Two entrepreneurs explore how digital connectivity has mobilized their dreams of a better world.
To achieve the Global Goals and create a better world, we need digital connectivity – connectivity on a massive scale that only technology can provide. That’s certainly true for the Generation17 Young Leaders. They agree it’s impossible to imagine their organizations having the impact they’ve experienced without the ability to connect with almost anyone, anywhere, anytime.
In our series “How I Use Tech,” Samsung explores how technology enables young changemakers to contribute to the Global Goals. The first installment looked at how these inspirational leaders leverage technology to democratize services for their communities. Today, we’re hearing firsthand about the invaluable role technology plays in connecting co-collaborators around the world.
For Nadine Khaouli, 25, a Young Leader from Lebanon who co-founded Kafe be Kafak to help people live in dignity with basic needs such as food, medication, and shelter, digital connectivity catapulted her organization from concept to reality. And for Máximo Mazzocco, 31, a Young Leader from Argentina who founded Eco House to advocate for the environment, technology turned his one-man, door-to-door operation in Buenos Aires into a scalable, global solution.
Here’s their take on using tech to connect and make meaningful impacts around the world.
When did you realize you could use technology to create and scale a community and take on one of the Global Goals?
Nadine: In April 2020, my friends, Nivine and Sarah, and I were thinking of the people around us in Lebanon who were in extreme hunger and facing dire consequences because of the COVID-19 pandemic and the collapse of the dollar and the lira. We decided to form our organization, Kafe be Kafak, and the first thing we did was create a social media profile on Instagram.
We asked our friends and community to help spread the word. Soon, we were connected with three people who had more NGO experience and could help us. We all had the same values and joined efforts to come up with a beautiful thing.

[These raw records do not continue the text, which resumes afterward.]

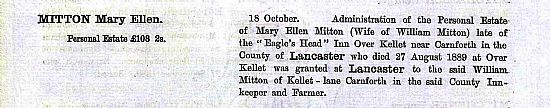 Mary Ellen died on 27th August 1889 at the Eagle Head, Over Kellet
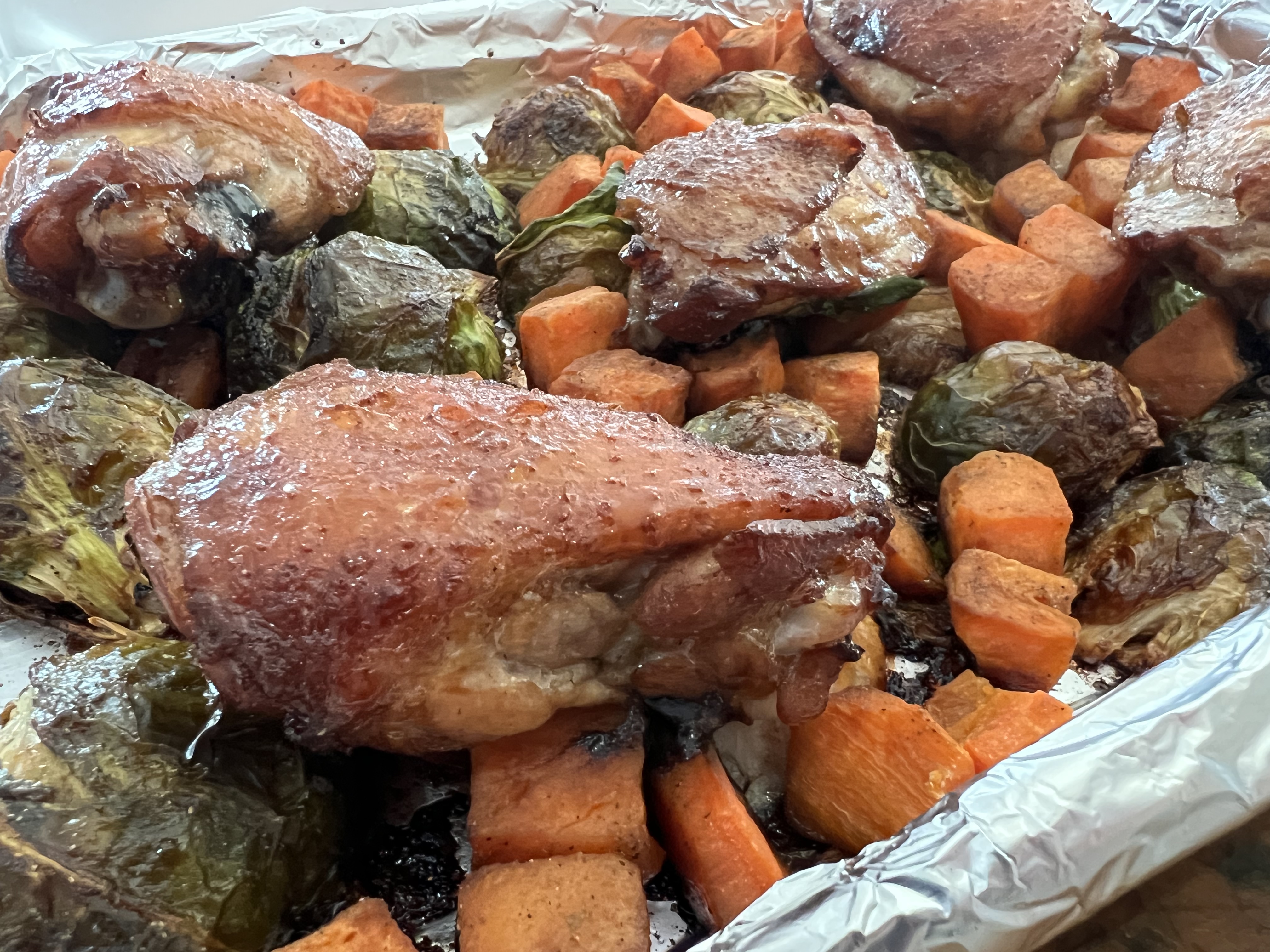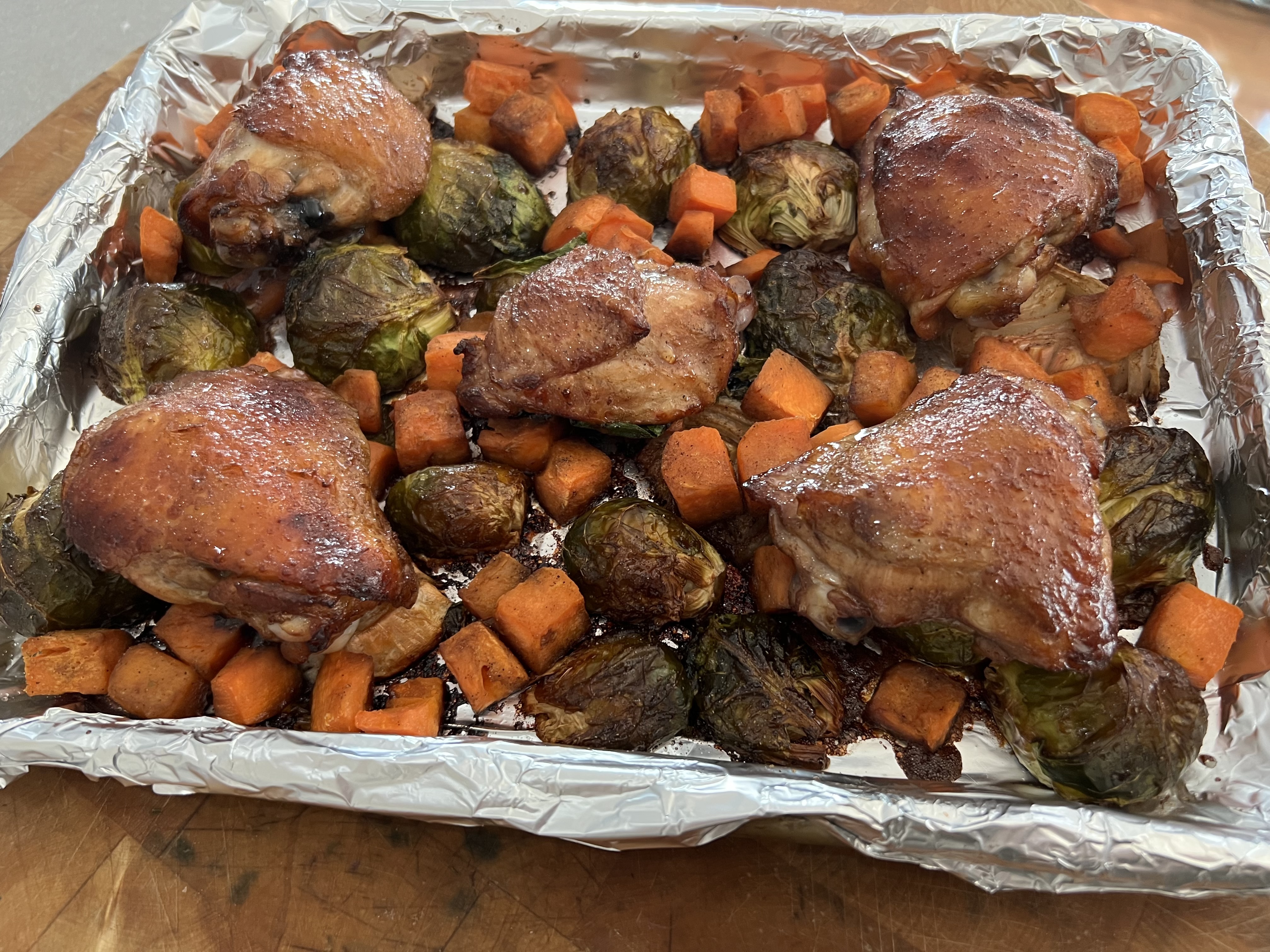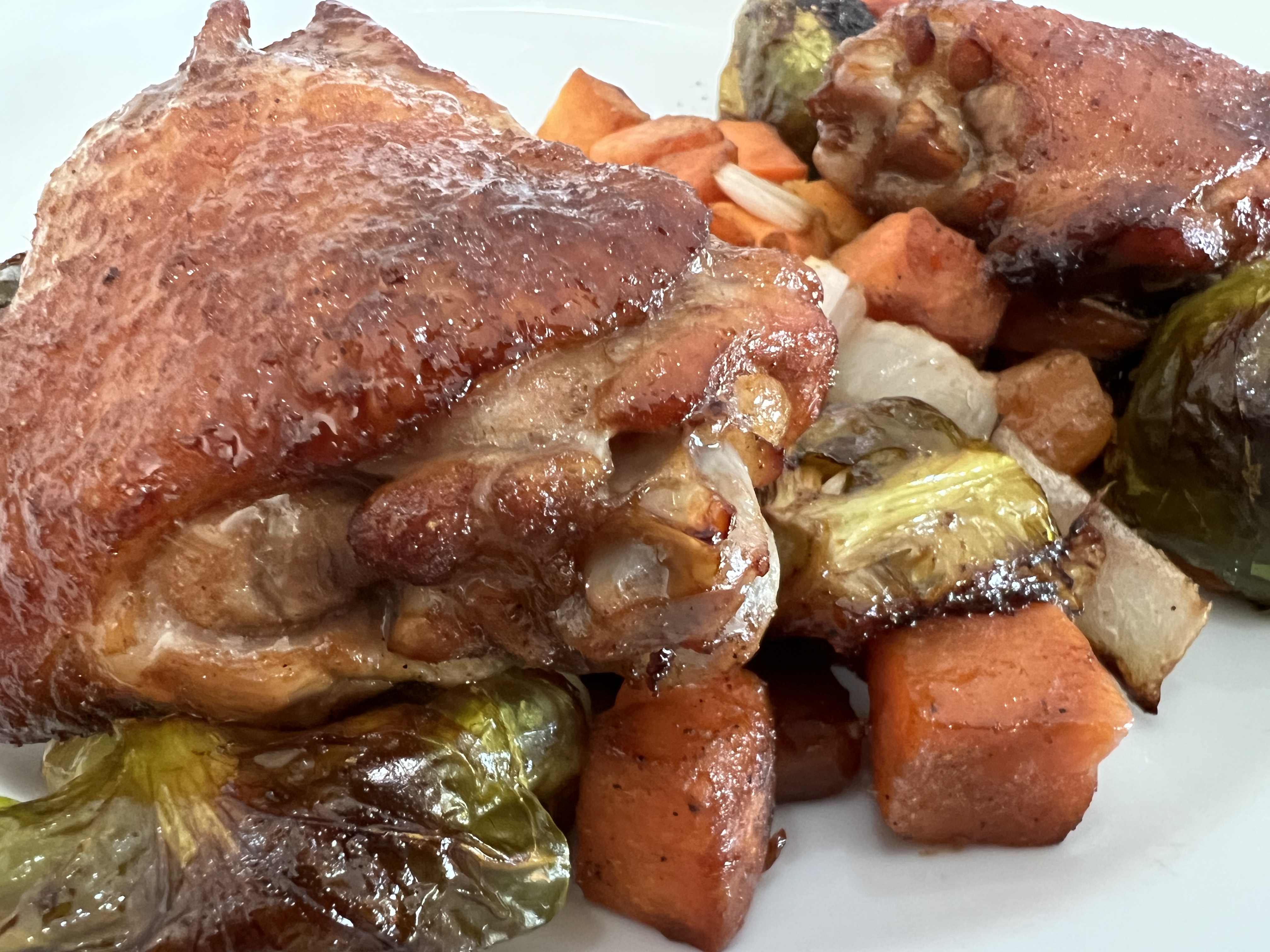 You can use any part of a chicken you like, even a whole spatchcocked chicken which would lay flat in a larger pan if you’re serving a group of people. But cooking for myself, I choose leg quarters (which are the thigh and drumstick together) or simply chicken thighs. They’re full of flavor, and have the fat content you need to drip down into the veggies below to flavor them as well. Something like chicken breast would simply be too dry.
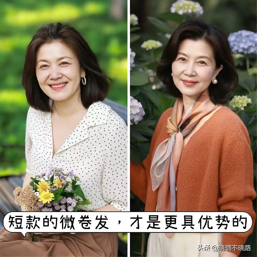 如果比較喜歡捲髮狀態的話,那麼其實推薦屏幕前的各位女性到了中年階段,我們就可以運用一些短款的微卷發,並且是屬於很微弱的那種弧度展現,要比傳統的燙髮更加的極具穩定以及優雅和溫柔感的襯托效應。這一款髮型的話大家就可以看看女藝人陳數在當下這個年齡階段當中,就是運用的這一款髮型,非常值得優選。
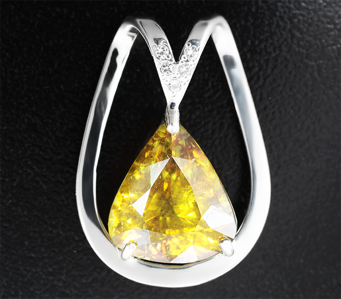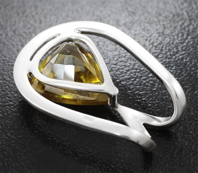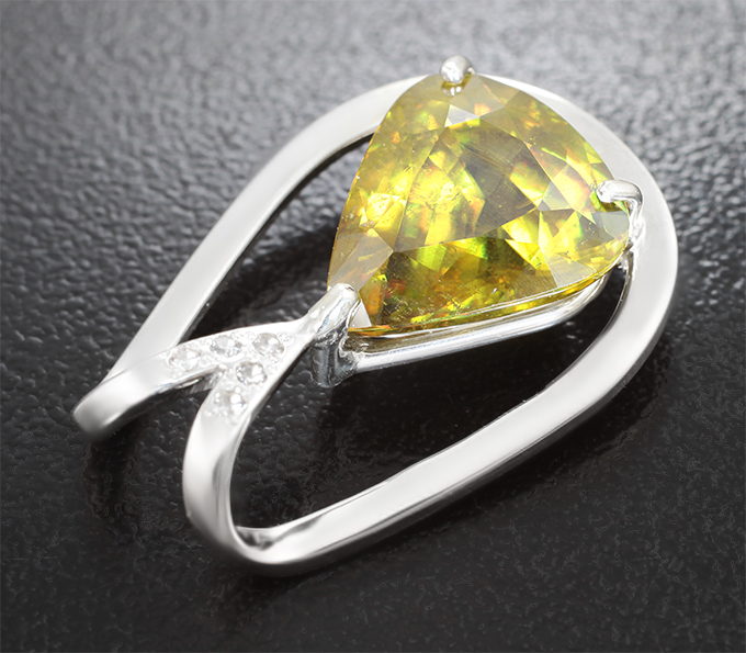 Кулон с крупным желто-зеленым сфеном 7,69 карата и бесцветными цирконами

From there, we continued to grow. Besides the six organization leaders, we have more than 100 volunteers of all ages located and mobilized all over Lebanon. They are helping us with our food and supplies distributions if I can’t travel to other Lebanese districts. And we started to see that the engagement of people on social media was highest when we showcase and highlight how our volunteers are helping. After the blast in Beirut in August 2020, I started highlighting a volunteer of the week. We chose one volunteer each week who was helping us a lot, and people were sharing it among each other, and then more people became involved with us and were aware of our work. Because of technology and social media, we are not only reaching volunteers but also donors, beneficiaries, and families in need. To date, we have reached thousands of families through technology. Building a wide network of young volunteers and spreading positive impact all around are very important for us.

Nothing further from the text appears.